__AIM OF THE EXERCISE__: Return exactly, with nothing added, the lines from the one that contains "The awkwardness continued" through the end of the listing below, pictures excluded.

Content starts

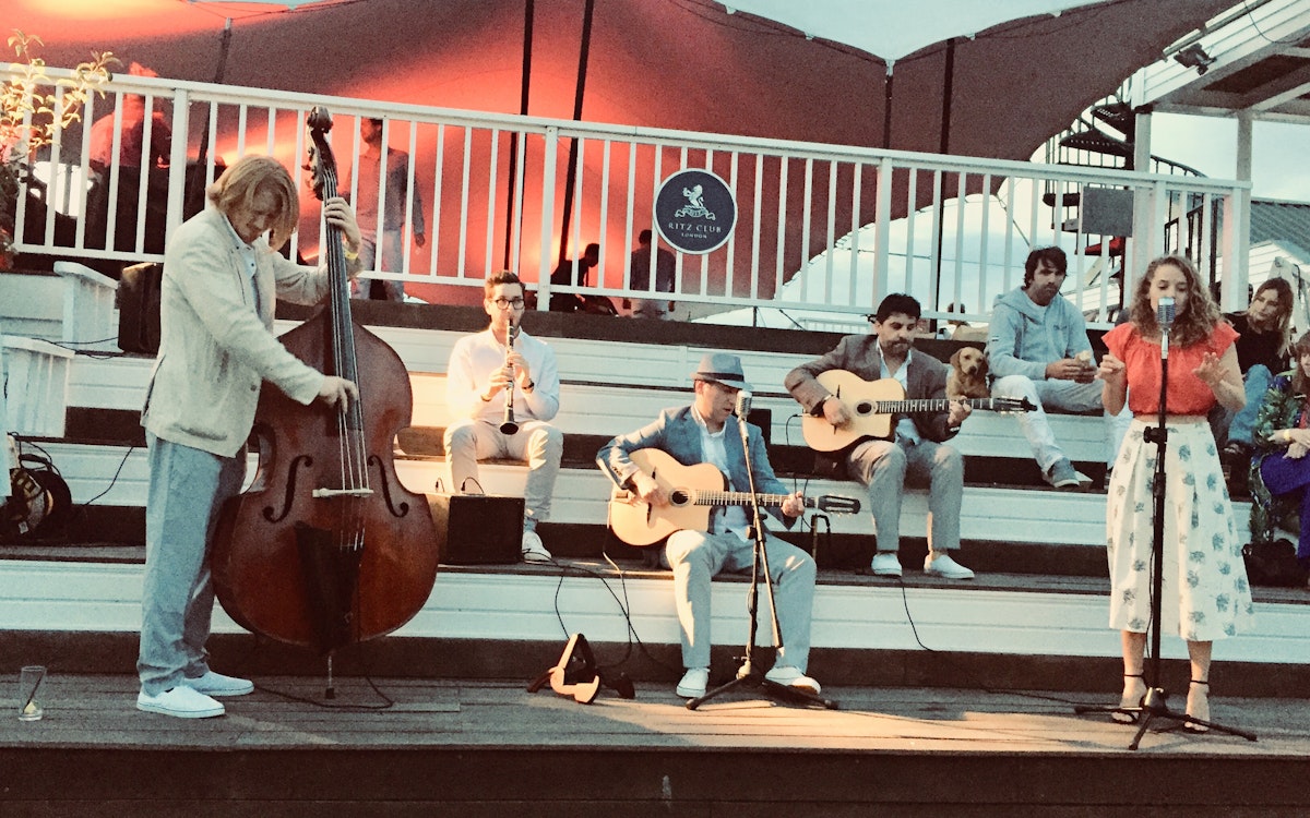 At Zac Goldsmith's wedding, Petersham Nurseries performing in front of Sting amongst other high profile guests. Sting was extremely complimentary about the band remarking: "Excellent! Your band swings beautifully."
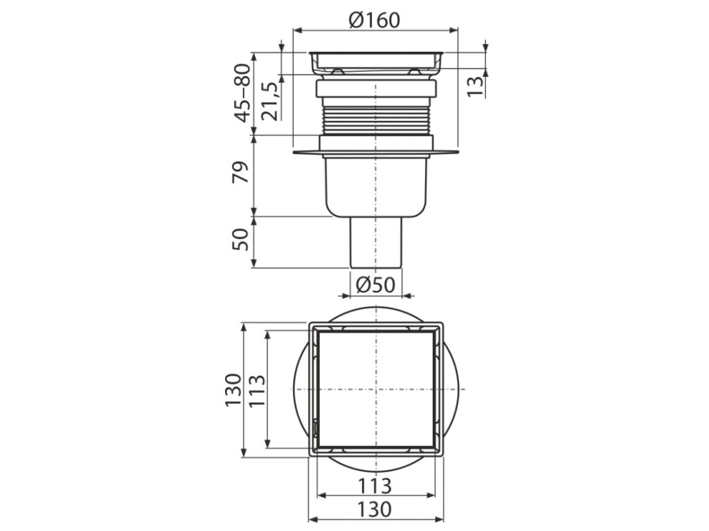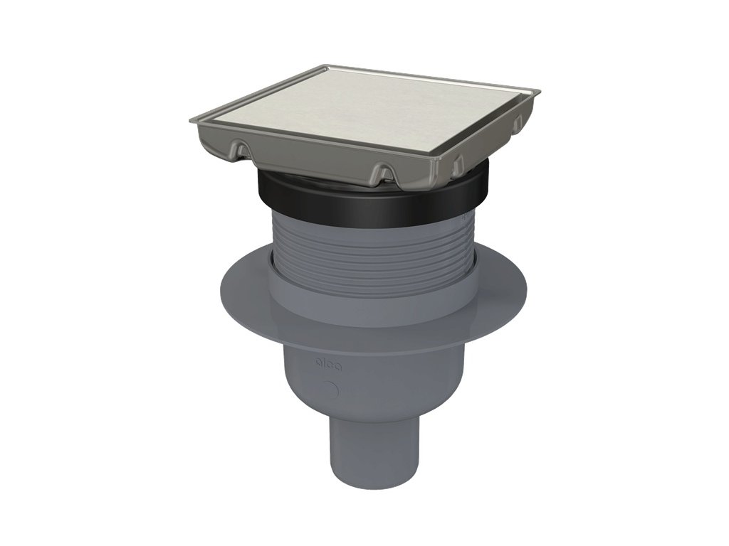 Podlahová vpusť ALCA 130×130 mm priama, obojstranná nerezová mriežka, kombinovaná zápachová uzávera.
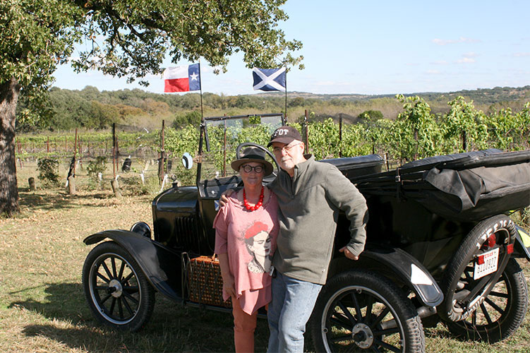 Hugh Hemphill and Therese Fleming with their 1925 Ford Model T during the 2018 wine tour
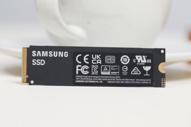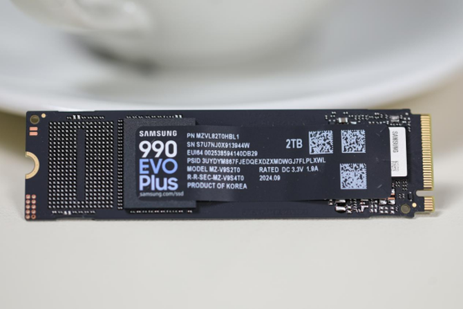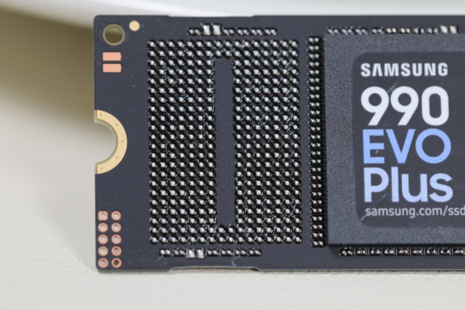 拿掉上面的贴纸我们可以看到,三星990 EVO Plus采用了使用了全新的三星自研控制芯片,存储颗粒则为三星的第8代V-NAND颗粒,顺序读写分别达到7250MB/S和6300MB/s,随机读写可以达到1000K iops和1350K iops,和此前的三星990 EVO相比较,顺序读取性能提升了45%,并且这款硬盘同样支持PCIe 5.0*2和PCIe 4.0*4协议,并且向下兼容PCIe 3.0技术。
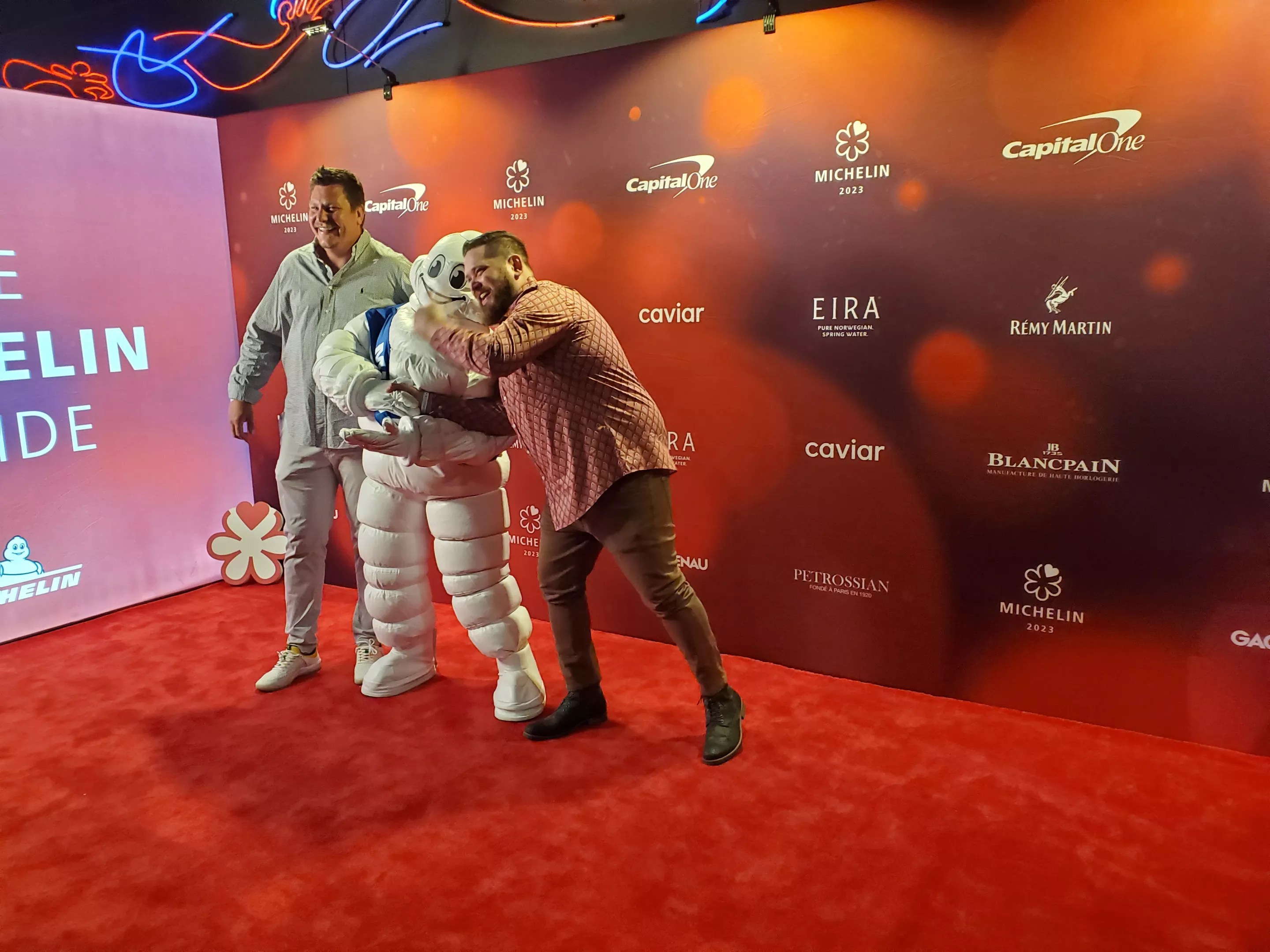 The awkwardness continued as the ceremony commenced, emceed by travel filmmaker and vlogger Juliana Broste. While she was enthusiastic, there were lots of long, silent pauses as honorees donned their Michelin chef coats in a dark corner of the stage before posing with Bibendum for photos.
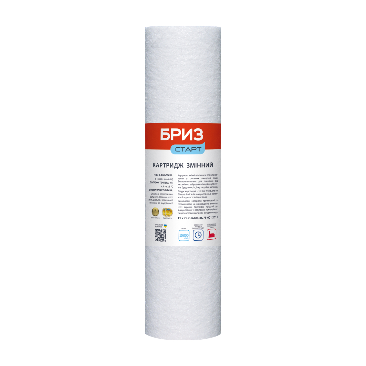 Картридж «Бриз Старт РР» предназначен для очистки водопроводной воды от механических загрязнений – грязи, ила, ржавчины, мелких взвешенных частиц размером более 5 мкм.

Content ends

__YOUR SOLUTION__:
 The awkwardness continued as the ceremony commenced, emceed by travel filmmaker and vlogger Juliana Broste. While she was enthusiastic, there were lots of long, silent pauses as honorees donned their Michelin chef coats in a dark corner of the stage before posing with Bibendum for photos.
 Картридж «Бриз Старт РР» предназначен для очистки водопроводной воды от механических загрязнений – грязи, ила, ржавчины, мелких взвешенных частиц размером более 5 мкм.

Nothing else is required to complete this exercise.